WHAT THE EXERCISE ASKS → A word-for-word copy of the data, with no images, is the required answer.

DATA →
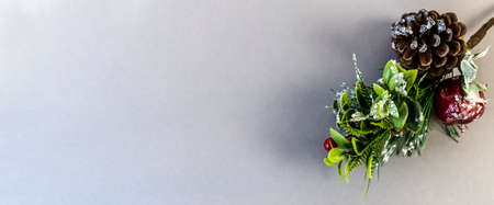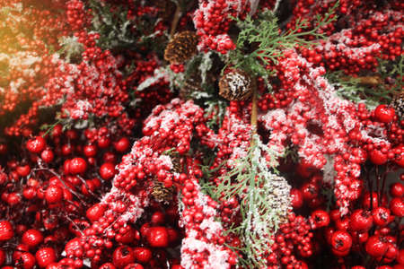 New year holiday evergreen tree, Christmas tree branches decorated with viburnum berries and cones.
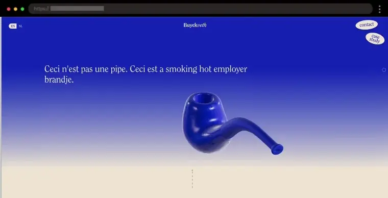 Buyck Veth’s professional scrolling site blends beige and blue tones, clean serif typography, and smooth 3D animations for a refined yet engaging browsing experience.
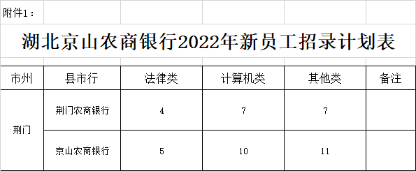 在湖北省农村信用联社统一安排部署下,全省农商行2022年新员工招录工作正式启动。湖北京山农村商业银行股份有限公司(以下简称“京山农商银行”)下辖22个营业网点,340多名员工,人民币存款、贷款总量在全

TASK RESPONSE →
 New year holiday evergreen tree, Christmas tree branches decorated with viburnum berries and cones.
 Buyck Veth’s professional scrolling site blends beige and blue tones, clean serif typography, and smooth 3D animations for a refined yet engaging browsing experience.
 在湖北省农村信用联社统一安排部署下,全省农商行2022年新员工招录工作正式启动。湖北京山农村商业银行股份有限公司(以下简称“京山农商银行”)下辖22个营业网点,340多名员工,人民币存款、贷款总量在全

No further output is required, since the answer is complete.